Contraception lets couples down. A recent survey of more than 2000 women requesting abortions at clinics run by BPAS, Britain’s largest abortion provider, found that almost 60% claim to have been using contraception at the time they became pregnant. Nearly 20% said that they were on the pill. Such findings are comparable to several other smaller studies published during the last decade… It is clear that contraceptives let couples down… The simple truth is that the tens of thousands of women who seek abortion each year are not ignorant of contraception. Rather they have tried to use it, indeed they may have used it, and become pregnant regardless.”
Obviously, sentience has nothing to do with it, since the Left protects non sentient insect and rodent life at the same time they refuse to protect human life in the womb.
Why don’t you learn from the countries with the lowest abortion rates in the world?
The Netherlands – lowest abortion rate in the world
” A reduction of unwanted pregnancies has been accomplished through successful strategies for the prevention of teenage pregnancy (including sex education, open discussions on sexuality in mass media, educational campaigns and low barrier services) as well as through wide acceptance of sterilization. The Dutch experience with family planning shows the following characteristics: a strong wish to reduce reliance on abortion, ongoing sexual and contraceptive education related to the actual experiences of the target groups, and low barrier family planning services.”

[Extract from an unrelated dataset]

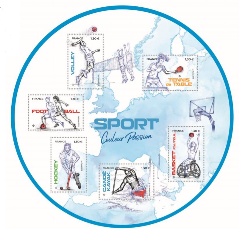 La Poste émet un bloc de 6 timbres mettant en scène une nouvelle série sur le sport pendant une durée de 5 ans. La France est mise à l’honneur en 2019 avec 6 disciplines sportives : le basket, le canoë-kayak, le football, le hockey, le tennis de table et le volley.

https://www.ncbi.nlm.nih.gov/pubmed/7971545
Switzerland: unrestricted abortion and one of the lowest rates in the world
” A low abortion rate goes hand in hand with a low rate of unwanted pregnancy. So what puts Swiss women in a stronger position when it comes to control over their fertility? Sexual health experts point to three main factors: education, contraception and socioeconomic level.”

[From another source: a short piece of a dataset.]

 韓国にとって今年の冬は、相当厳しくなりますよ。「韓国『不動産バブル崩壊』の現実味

http://www.swissinfo.ch/eng/fertility-matters_the-secret-of-switzerland-s-low-abortion-rate/33585760
The last thing we need is to be more like Switzerland or the Netherlands when it comes to replacement birth rates. Those two countries are dying like most of Europe is. The Netherland’s replacement birth rate is 1.66, and Switzerland’s is even worse at 1.54. Europe is dying using the policies you encourage. It is a matter of decades before these countries are dominated by Muslim immigrants, whose birth rates are nearly double those of the rest of Europe. Demographics is destiny.

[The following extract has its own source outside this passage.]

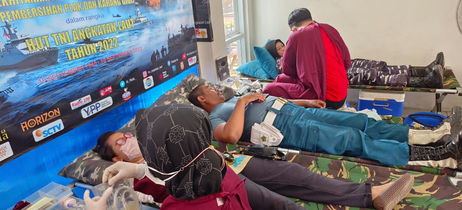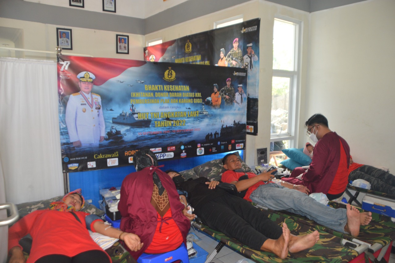 Komandan Pangkalan TNI Angkatan Laut (Danlanal) Semarang Kolonel Marinir Hariyono Masturi, M.Tr.Hanla., M.M., menggelar Bhakti Sosial Donor Darah dalam rangka memperingati Hari Ulang Tahun (HUT) TNI Ke-77 yang di gelar di Pos TNI AL Tambak Lorok Kelurahan Tanjung Emas Kota Semarang. Jum’at (7/10/2022).

Great responses, Tom. Spot on!
In the developed world, are there STILL people that dont understand birth control and how children are made? With all the safety nets of our generous society, can women not see any other way to deal w/ this? I know excellent, educated people standing in line to adopt for YEARS. Selfishness is the word for this in country like ours.
Spot on the fall in birth rate in europe is frightening to me, having 3 daughters i am genuinely apprehensive about the direction the continent will take in the next 50 years or so.